## EXERCISE INPUTS
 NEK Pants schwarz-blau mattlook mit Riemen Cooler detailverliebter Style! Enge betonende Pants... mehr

==

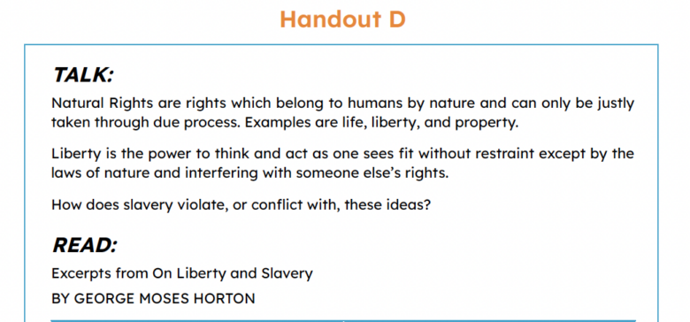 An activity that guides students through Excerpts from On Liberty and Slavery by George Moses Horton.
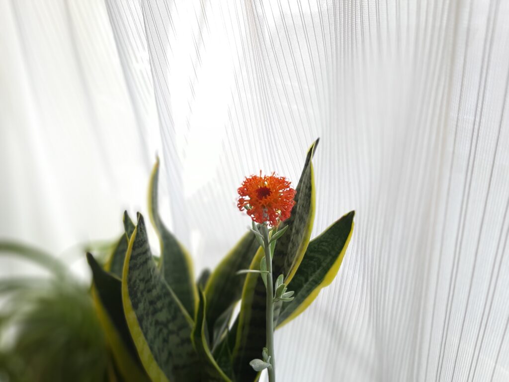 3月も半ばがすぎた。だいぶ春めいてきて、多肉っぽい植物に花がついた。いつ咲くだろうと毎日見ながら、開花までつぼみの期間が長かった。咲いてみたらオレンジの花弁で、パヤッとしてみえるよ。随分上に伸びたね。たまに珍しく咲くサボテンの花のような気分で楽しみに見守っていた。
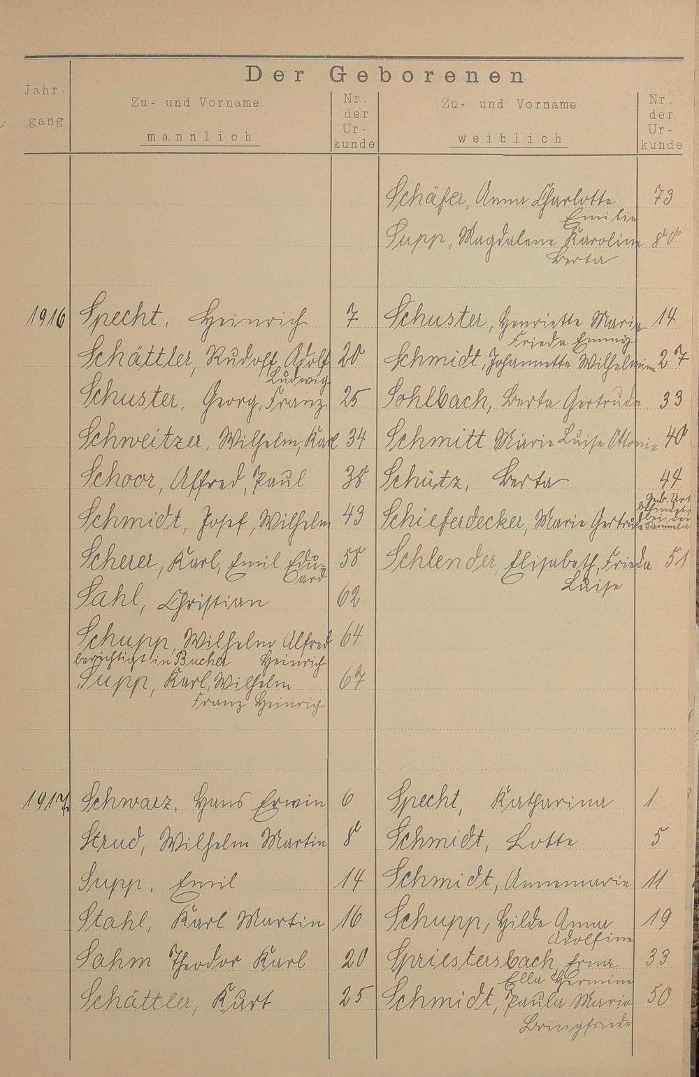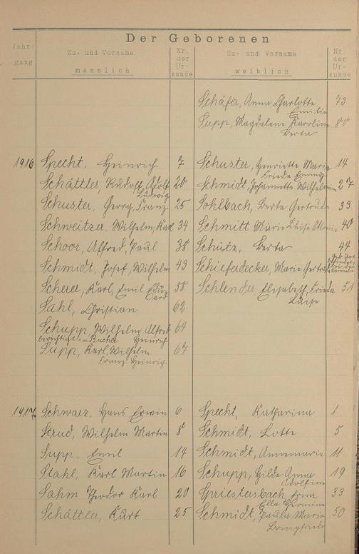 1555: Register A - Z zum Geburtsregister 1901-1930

## TASK BRIEF
Starting with the line above that holds "An activity that", restate each line word for word up to and including the line that holds "1555: Register A". Drop the pictures.

## ANSWER BOX
 An activity that guides students through Excerpts from On Liberty and Slavery by George Moses Horton.
 3月も半ばがすぎた。だいぶ春めいてきて、多肉っぽい植物に花がついた。いつ咲くだろうと毎日見ながら、開花までつぼみの期間が長かった。咲いてみたらオレンジの花弁で、パヤッとしてみえるよ。随分上に伸びたね。たまに珍しく咲くサボテンの花のような気分で楽しみに見守っていた。
 1555: Register A - Z zum Geburtsregister 1901-1930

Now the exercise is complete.